Em São Paulo, houve 623 notificações de casos suspeitos de sarampo no total, 217 já foram descartados e 340 ainda estão em investigação. No estado, a população de 20 a 29 anos é a mais atingida, representando 42% dos casos. O Pará ainda tem seis casos suspeitos em investigação e o Rio de Janeiro possui oito.

Em 2018, houve um grande aumento no número de casos da doença no Brasil, caracterizando um surto em alguns estados. Ao todo, 10.326 infectados foram confirmados como portadores do vírus.

SITUAÇÃO EPIDEMIOLÓGICA NO MUNDO

A Organização Mundial da Saúde (OMS) anunciou que o número de casos de sarampo no mundo aumentou cerca de 300% no primeiro trimestre deste ano em comparação ao mesmo período de 2018.

Foram registrados mais de 112 mil casos de sarampo em 170 países nos três primeiros meses de 2019. A entidade informou que os recentes surtos da doença causaram muitas mortes, principalmente de crianças.

Os casos de sarampo na África aumentaram em aproximadamente 700%, em comparação ao mesmo período do ano passado.

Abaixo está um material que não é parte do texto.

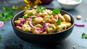 Bean Salad with Artichokes and Red Onion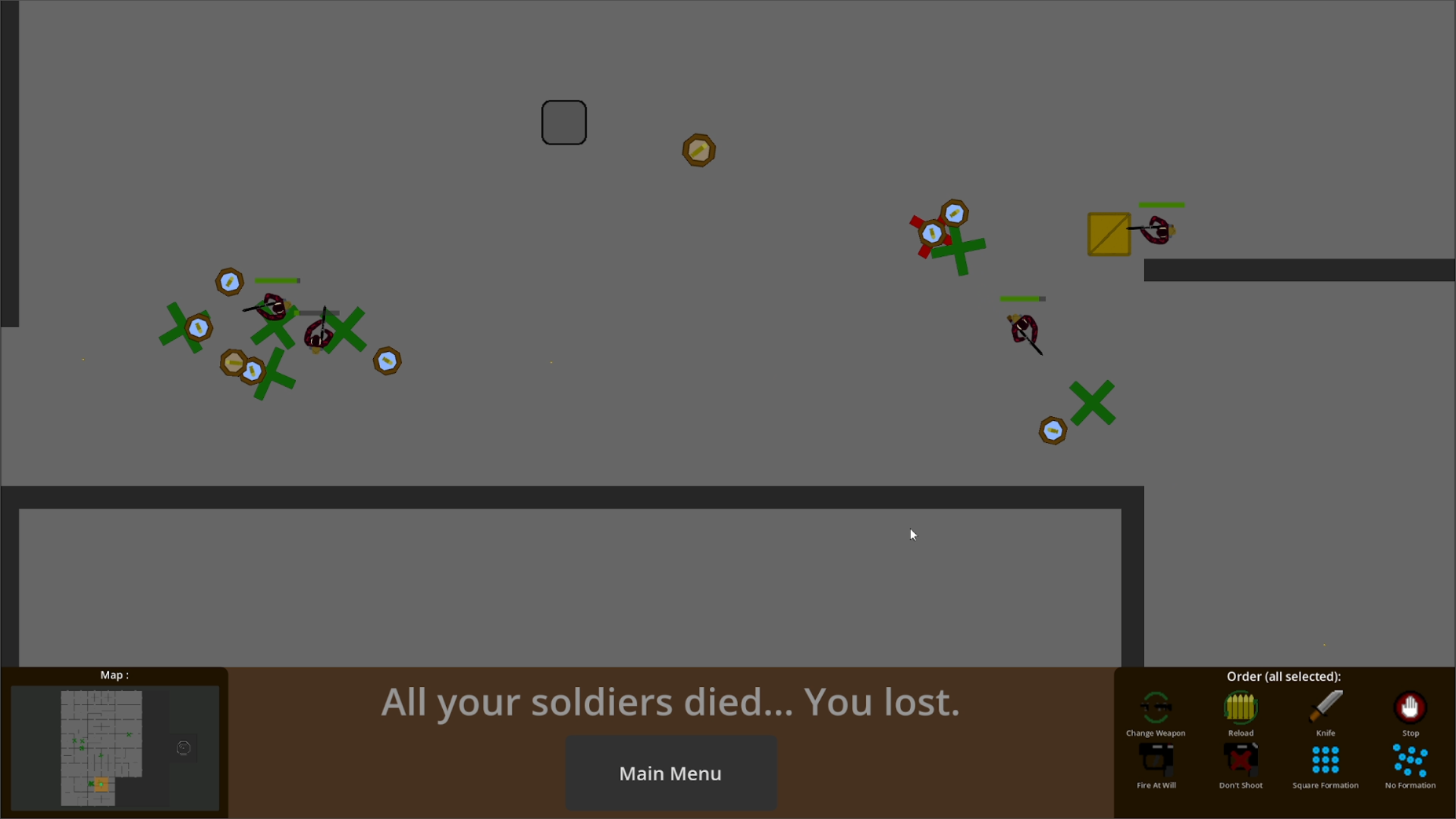 In Stratander you're a new commander, in charge of a small team (or big if you customise numbers) and you have to make them escape the ennemy base they're in. Use all the tactics you can to help your soldiers, make them hide and wait for an unaware ennemy, attack a group with a pincer attack, or just go in blindly.

Na Europa, o crescimento foi de 300%, apesar do uso de vacinas na região ser mais difundido.

SARAMPO

De acordo com o Ministério da Saúde, o sarampo é uma doença viral, transmitida pela fala, tosse e espirro, além de ser contagiosa, mas que pode ser evitada pela vacina, tríplice viral. A doença pode ser contraída por pessoas de qualquer idade, mas crianças estão mais suscetíveis.

As mortes registradas em Roraima em decorrência da doença encaixam-se nos relatórios divulgados pelas entidades de saúde que fazem o monitoramento da doença. Pois, no mundo, o sarampo é uma das principais causas da mortalidade entre crianças menores de cinco anos de idade.

Especialistas apontam que o sarampo caracteriza-se principalmente por febre alta, acima de 38,5°C, tosse, coriza, conjuntivite e pequenas manchas brancas que aparecem na mucosa bucal. As manifestações clínicas do sarampo são divididas em três períodos, são eles, período de infecção, remissão e toxêmico.